Font Size:

Royce made quick work of taping her ankles together. “Happy now?” he demanded and tossed the tape. It bounced off the floor and hit the grate, knocking it askew.

“Not yet,” Lurlene said, crossing her arms and tapping her foot.

Royce made a big show of being annoyed when he pulled a knife out of his belt and opened the blade in Riley’s face. She flinched and flattened herself against the wall.

She wasnotgoing to die in a stinky closet during Nick’s birthday party.

2

Five days earlier

8:33 a.m., Friday, October 25

Riley Thorn was finding being psychic while chipping away at her To-Do list to be more complicated than she’d thought.

She swiped the roller through the pan of primer and sneaked a peek at the man in the closet next to her. Gabe was tall and broad and muscled in ways that suggested an inhuman metabolism. He had his back to her, his own roller working methodically. His dark skin and black workout gear were still pristine despite the fact that they were slathering primer onto the walls of the Creepy, Smelly Closet, which was attached to one of the seven questionably livable guest rooms in her new house.

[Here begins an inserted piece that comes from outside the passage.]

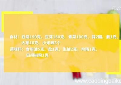 步骤1食材:豆腐150克、豆芽150克、青菜100克、蒜2瓣、姜1克、大葱10克、小米辣3个调味料:食用油5克、盐1克、生抽2克、鸡精1克、白胡椒粉1克步骤2小米辣切末 。步骤3豆芽对半切开 。步骤4豆腐切小方块 。步骤5青菜切小段 。步骤...

Riley, by contrast, looked as if she’d wrestled with Casper the Friendly Ghost just before he exploded.

“You are pausing to focus,” Gabe observed without turning around.

Busted.

“Sorry. This multitasking-psychic thing is tougher than I thought,” she said, getting back to work.

Technically everything about being a psychic was tough.

The intrusive thoughts that weren’t hers, the confusing ethics of mind reading, the constant decision-making. Did the guy in the cereal aisle need to know that he was going to get fired Friday? Did the mechanic at the tire store really need Riley to tell her that Aunt Marmella had wanted her to inherit the mantel clock but Cousin Bruno had stolen it during the wake?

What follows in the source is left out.